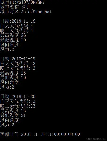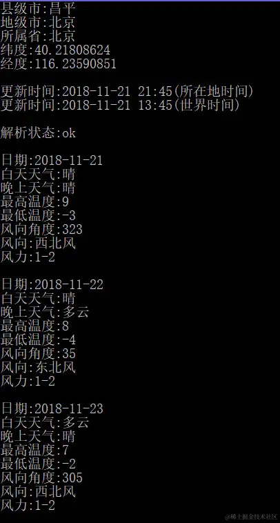 char heweather_str[] = "{\"HeWeather6\":[{\"basic\":{\"cid\":\"CN101010700\",\"location\":\"昌平\",\"parent_city\":\"北京\",\"admin_area\":\"北京\",\"cnty\":\"中国\",\"lat\":\"40.21808624\",\"lon\":\"116.23590851\",\"tz\":\"+8.00\"},\"update\":{\"loc\":\"2018-11-21 21:45\",\"utc\":\"2018-11-21 13:45\"},\"status\":\"ok\",\"daily_forecast\":[{\"cond_code_d\":\"100\",\"cond_code_n\":\"100\",\"cond_txt_d\":\"晴\",\"cond_txt_n\":\"晴\",\"date\":\"2018-11-21\",\"hum\":\"21\",\"mr\":\"16:02\",\"ms\":\"04:27\",\"pcpn\":\"0.0\",\"pop\":\"0\",\"pres\":\"1030\",\"sr\":\"07:08\",\"ss\":\"16:53\",\"tmp_max\":\"9\",\"tmp_min\":\"-3\",\"uv_index\":\"5\",\"vis\":\"10\",\"wind_deg\":\"323\",\"wind_dir\":\"西北风\",\"wind_sc\":\"1-2\",\"wind_spd\":\"4\"},{\"cond_code_d\":\"100\",\"cond_code_n\":\"101\",\"cond_txt_d\":\"晴\",\"cond_txt_n\":\"多云\",\"date\":\"2018-11-22\",\"hum\":\"21\",\"mr\":\"16:36\",\"ms\":\"05:33\",\"pcpn\":\"0.0\",\"pop\":\"0\",\"pres\":\"1030\",\"sr\":\"07:09\",\"ss\":\"16:52\",\"tmp_max\":\"8\",\"tmp_min\":\"-4\",\"uv_index\":\"3\",\"vis\":\"20\",\"wind_deg\":\"35\",\"wind_dir\":\"东北风\",\"wind_sc\":\"1-2\",\"wind_spd\":\"5\"},{\"cond_code_d\":\"101\",\"cond_code_n\":\"100\",\"cond_txt_d\":\"多云\",\"cond_txt_n\":\"晴\",\"date\":\"2018-11-23\",\"hum\":\"23\",\"mr\":\"17:15\",\"ms\":\"06:41\",\"pcpn\":\"0.0\",\"pop\":\"16\",\"pres\":\"1024\",\"sr\":\"07:10\",\"ss\":\"16:52\",\"tmp_max\":\"7\",\"tmp_min\":\"-2\",\"uv_index\":\"2\",\"vis\":\"20\",\"wind_deg\":\"305\",\"wind_dir\":\"西北风\",\"wind_sc\":\"1-2\",\"wind_spd\":\"3\"}]}]}";
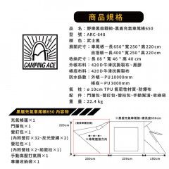 品   名 : CAMPING ACE 野樂黑森戰術-黑盾充氣車尾帳650
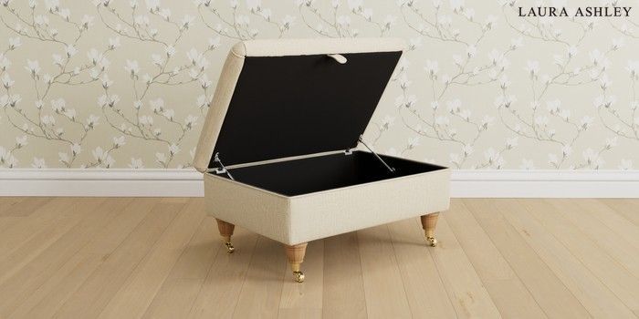 6.12.1 Buy Beaumaris by Laura Ashley Storage Footstool Orla Oyster Natural Low Brass Castor - Light Oak from the Next UK online shop Click here to use our accessible website
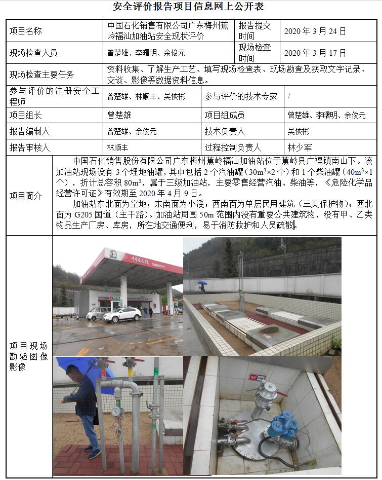 中国石化销售股份有限公司广东梅州蕉岭福汕加油站安全现状评价
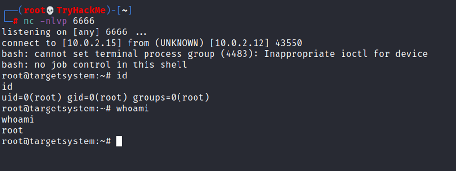 This will launch a root shell as seen below;
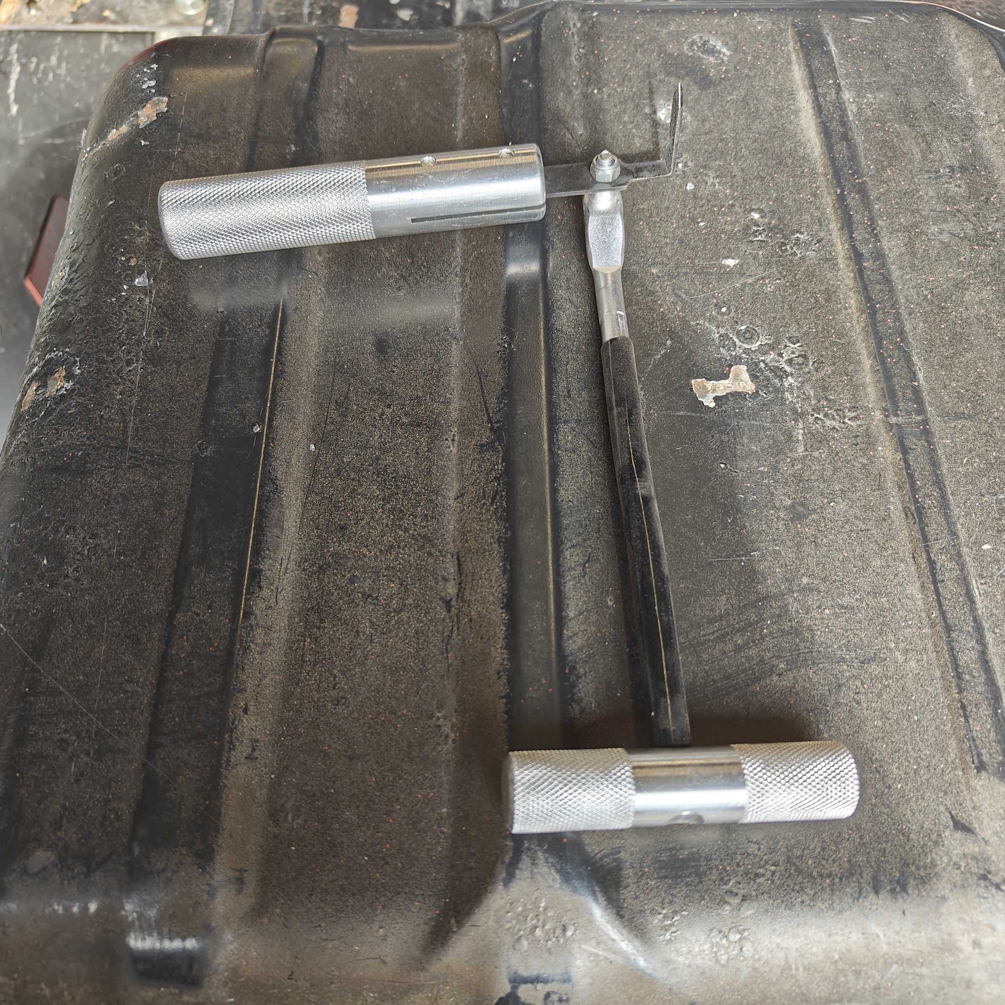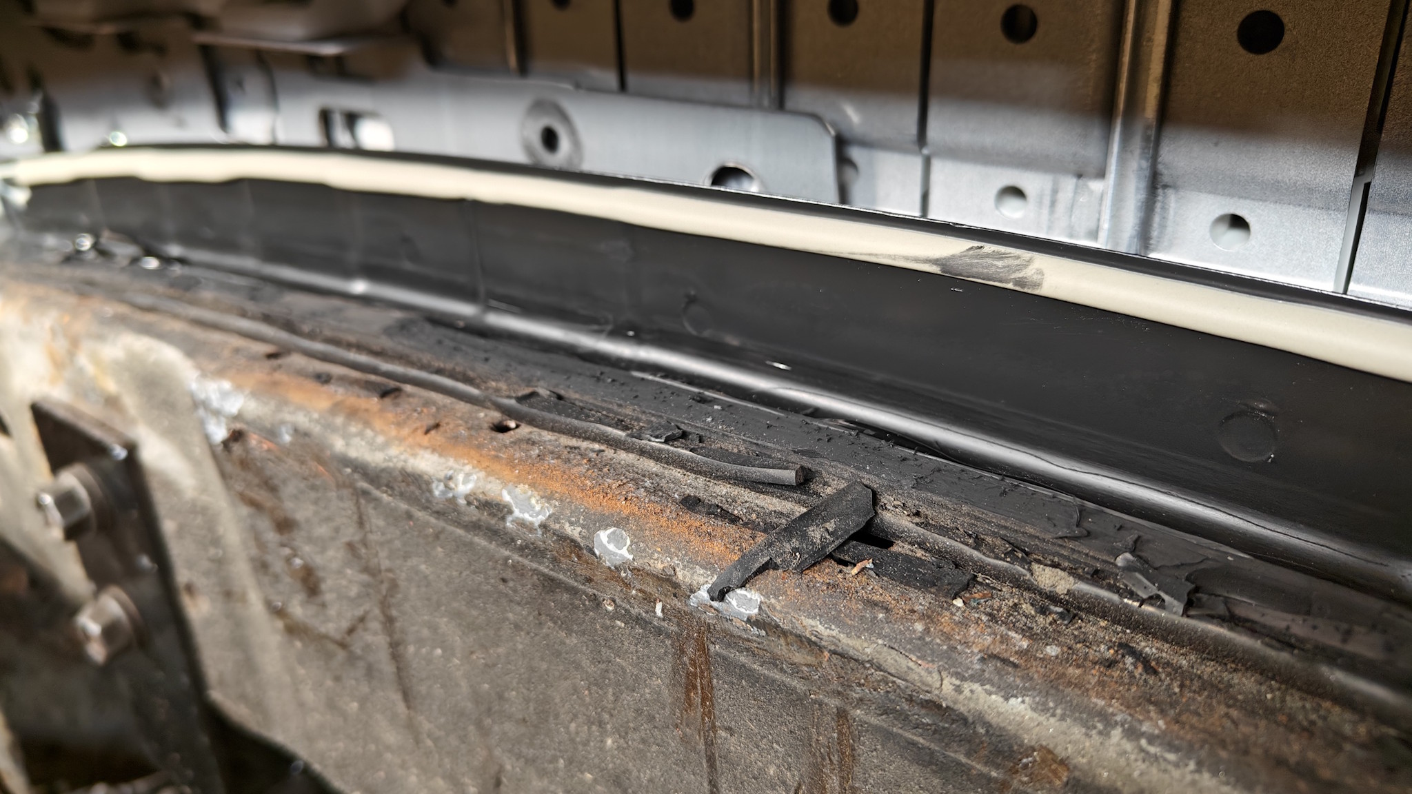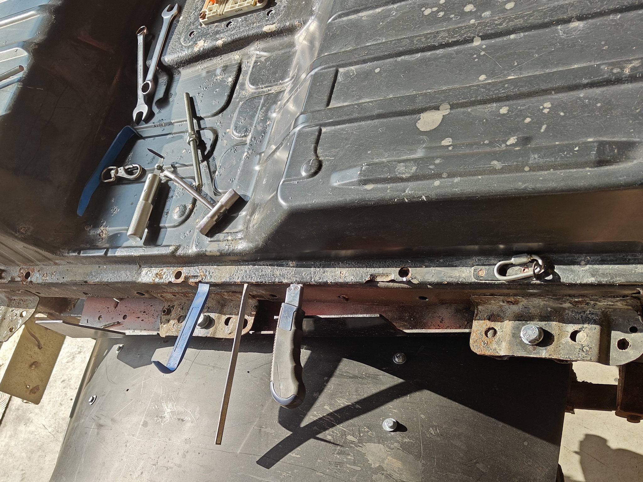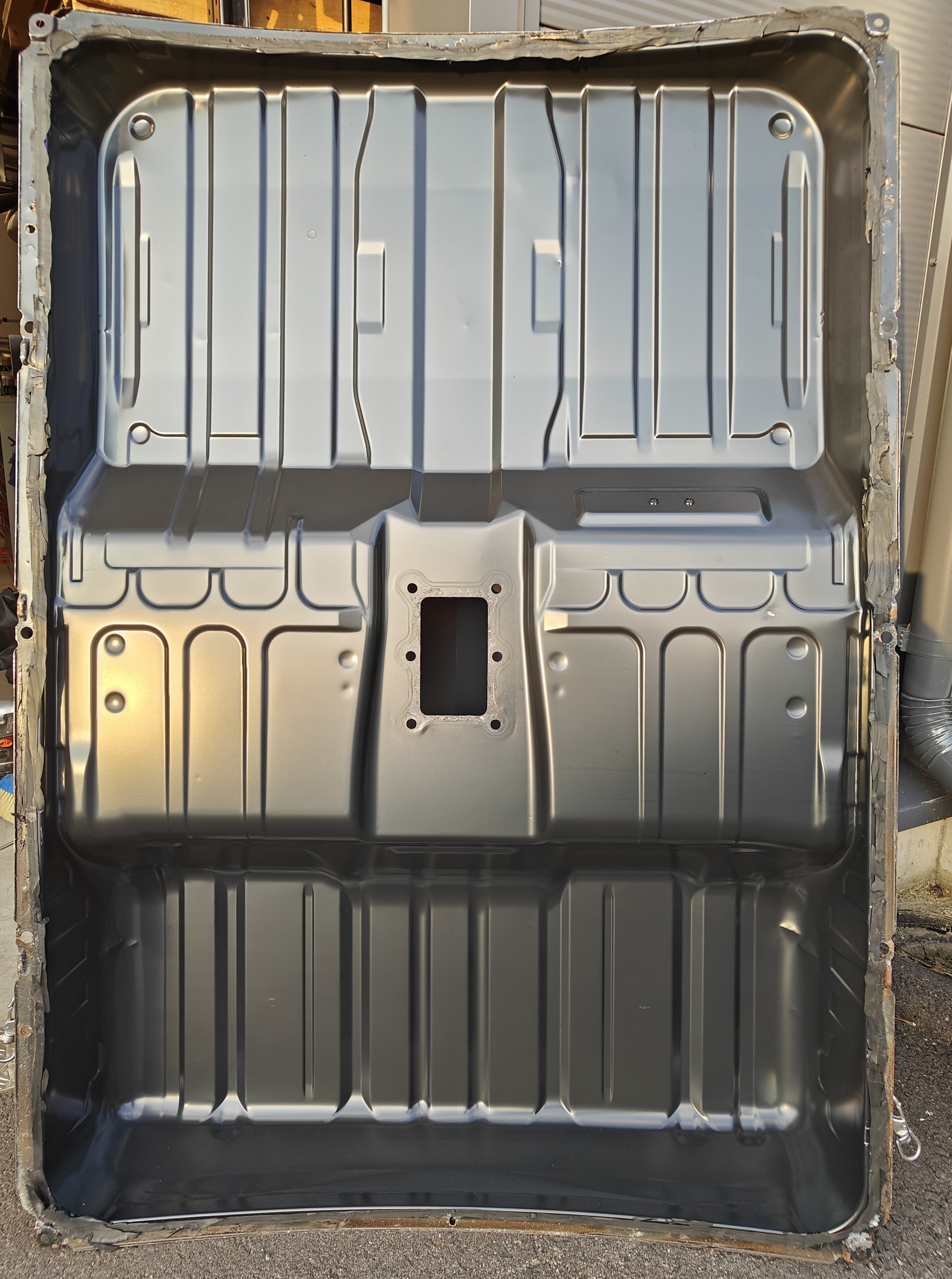 Cleaned up the cover and battery box body. Prepped with rust primer and cleaned the glue residue Didn't have the dam rubber or similar at hand, so opening will be paiful also next time...

______________________________

**TO DO**. Nothing but the lines from the one that holds "CAMPING ACE 野樂黑森戰術-黑盾充氣車尾帳650" through the end of the data should appear, written out exactly, without pictures.

**ANSWER FOR THIS EXERCISE**.
 品   名 : CAMPING ACE 野樂黑森戰術-黑盾充氣車尾帳650
 6.12.1 Buy Beaumaris by Laura Ashley Storage Footstool Orla Oyster Natural Low Brass Castor - Light Oak from the Next UK online shop Click here to use our accessible website
 中国石化销售股份有限公司广东梅州蕉岭福汕加油站安全现状评价
 This will launch a root shell as seen below;
 Cleaned up the cover and battery box body. Prepped with rust primer and cleaned the glue residue Didn't have the dam rubber or similar at hand, so opening will be paiful also next time...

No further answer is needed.